Gentoo Websites Logo
Go to: Gentoo Home Documentation Forums Lists Bugs Planet Store Wiki Get Gentoo!
Bug 601540 - start-stop-daemon ignores multiple pids
Summary: start-stop-daemon ignores multiple pids
Status: RESOLVED FIXED
Alias: None
Product: Gentoo Hosted Projects
Classification: Unclassified
Component: OpenRC (show other bugs)
Hardware: All Linux
: Normal major (vote)
Assignee: OpenRC Team
URL:
Whiteboard:
Keywords:
Depends on:
Blocks: 584410
  Show dependency tree
 
Reported: 2016-12-03 21:48 UTC by Robin Johnson
Modified: 2016-12-14 00:01 UTC (History)
2 users (show)

See Also:
Package list:
Runtime testing required: ---


Attachments

Note You need to log in before you can comment on or make changes to this bug.
Description Robin Johnson archtester Gentoo Infrastructure gentoo-dev Security 2016-12-03 21:48:51 UTC
Manpage start-stop-daemon(8):
  -p, --pidfile pidfile
  ... When stopping we only stop the *pid(s)* listed in the pidfile.

Emphasis mine, for multiple PIDs.

This is crucial for haproxy with the nbprocs option, where multiple PIDs are written to the pidfile (see bug 584410).

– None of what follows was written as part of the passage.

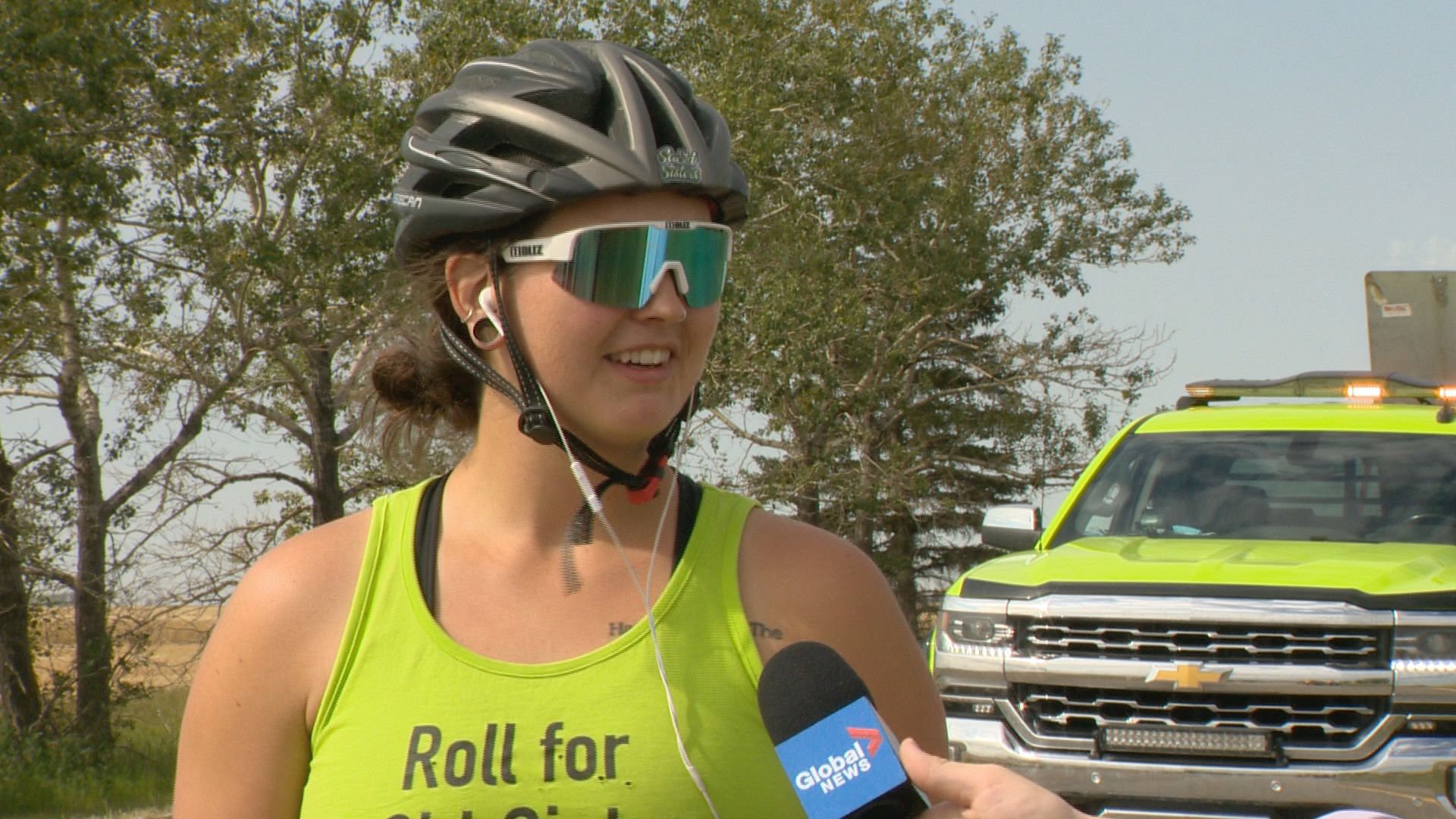 “We’re trying to empower them through community and sport,” said Waldo, who stopped on the side of the road 46 kilometres into the inline skating adventure to speak with Global News.

static pid_t get_pid(const char *pidfile) only returns a SINGLE pid, instead of all of the PIDs.

I think it should be modified to return RC_PIDLIST instead, and all of the usages of it should operate on all elements of the list.
Comment 1 Mike Gilbert gentoo-dev 2016-12-04 16:33:47 UTC
How are the PIDs delimited? Newlines? Spaces? Both?

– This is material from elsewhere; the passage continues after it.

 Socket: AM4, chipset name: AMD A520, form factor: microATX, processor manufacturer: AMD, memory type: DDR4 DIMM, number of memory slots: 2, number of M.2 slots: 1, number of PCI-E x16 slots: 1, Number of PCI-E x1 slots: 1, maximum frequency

Is there any documented format for that?
Comment 2 Robin Johnson archtester Gentoo Infrastructure gentoo-dev Security 2016-12-04 17:11:48 UTC
haproxy writes one pid per line.

If you don't think it's appropriate, please correct the documentation to take out the plural form, and I'll find another solution for haproxy (probably using the systemd wrapper's generic support).
Comment 3 Mike Gilbert gentoo-dev 2016-12-04 18:14:47 UTC
It just seems a little risky to make any assumptions about a file format that is not well-defined beyond a single pid at offset 0.
Comment 4 Robin Johnson archtester Gentoo Infrastructure gentoo-dev Security 2016-12-04 22:39:50 UTC
While there are other programs that have multiple pids, it seems that the --pidfile implementations NEVER supported multiple PIDs. The documentation however has used the plural form for 15+ years.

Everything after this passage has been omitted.